Ken Loach et son scénariste Paul Laverty on été abondamment critiqués ces dernières années pour ce que les cinéphiles jugeaient comme un manque de subtilité dans leurs démonstrations politiques, et pour leur propension à utiliser les ressorts de la fiction populaire pour créer des situations à fort contenu émotionnel. Ce n'était évidemment pas faux, même s'il m'a toujours semblé également logique que Loach et Laverty, qui ont un message fort à faire passer, ne se cantonnent pas à une posture auteuriste, mais aient pour cible un grand public plus facilement convaincu par des drames aux enjeux et aux rebondissements clairs, susceptibles d'être plus consensuels. Mais, devant the Old Oak, un film beaucoup plus austère que ses prédécesseurs, on a le sentiment que Loach a été sensible à ces critiques, et est revenu d'une certaine manière au cinéma plus rude de ses débuts.

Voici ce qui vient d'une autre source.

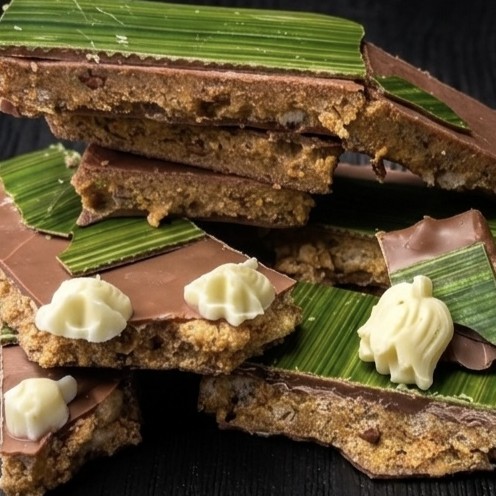 Praliné ultra gourmand, réalisé avec des noisettes, des amandes, grains de blé soufflé grué de cacao, enrobé chocolat lait, contient également beaucoup d’amour.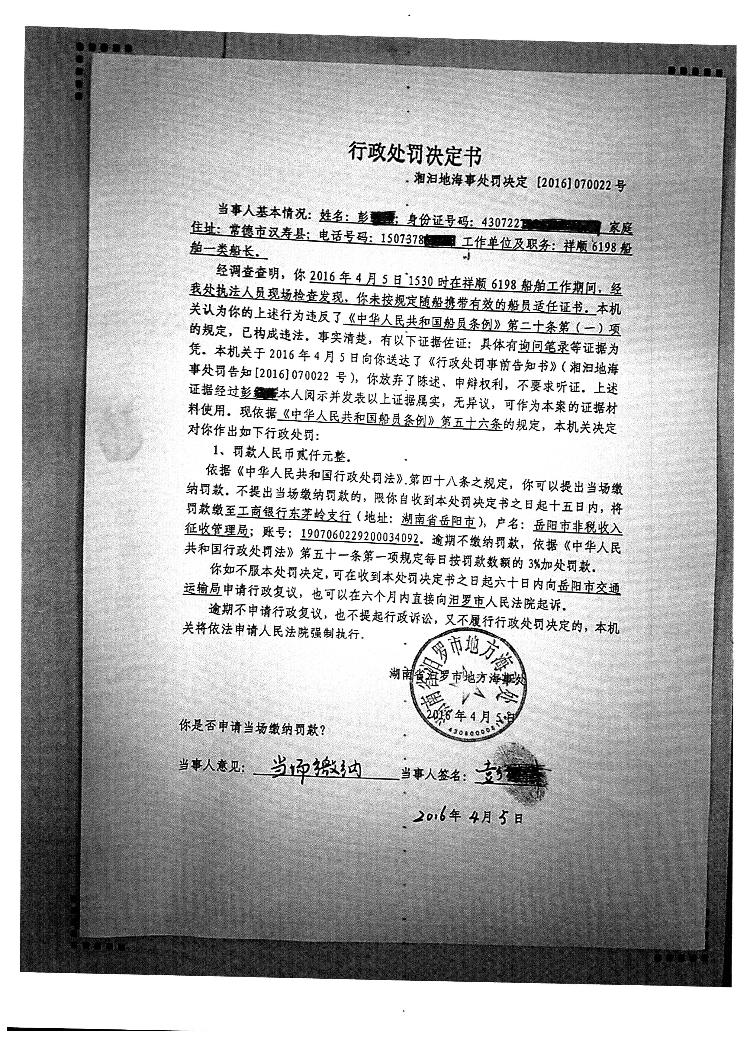 湘汨地海事处罚决定【2016】070022

The Old Oak raconte l'arrivée (il y a quelques années, déjà) dans un ex-village minier dévasté depuis plusieurs décennies par la fermeture des puits, de réfugiés syriens chassés par la guerre. La question qui traverse le film est celle, simple mais essentielle, de la réponse du prolétariat plongé dans la misère à une cohabitation forcée avec des populations étrangères encore plus démunies. Au centre du dilemme se trouve le propriétaire du seul pub local encore ouvert, dont la clientèle est constituée avant tout de nationalistes primaires, et qui est quant à lui nostalgique d'une époque où les luttes sociales intenses soudaient la communauté.
Le choix - qui ne nous surprendra pas - de Laverty et Loach est celui de la convergence des luttes contre une société inique : cette convergence est finalement représentée à l'image dans les derniers plans du film, ceux d'un défilé où une union s'est faite entre les opprimés. Mais pour en arriver là, the Old Oak ne joue pas cette fois les cartes habituelles du cinéma militant "à gros sabots", et choisit un chemin - certes parsemé de quelques événements dramatiques et de plusieurs confrontations - sans dramatisation excessive, ni grands sentiments.
Du coup the Old Oak frustrera ceux qui - comme nous d'ailleurs- aimaient les larmes et l'indignation que faisait naître habituellement le cinéma de Loach. Mais, finalement, qu'on aime ou pas ce minimalisme narratif, il sera difficile de ne pas comprendre et de ne pas adhérer au message le plus fort du film : une communauté existe quand on y partage de la nourriture. Cela semble peu, mais c'est finalement essentiel. Et c'est d'ailleurs l'une des choses que nous avons peu à peu perdues dans notre société moderne.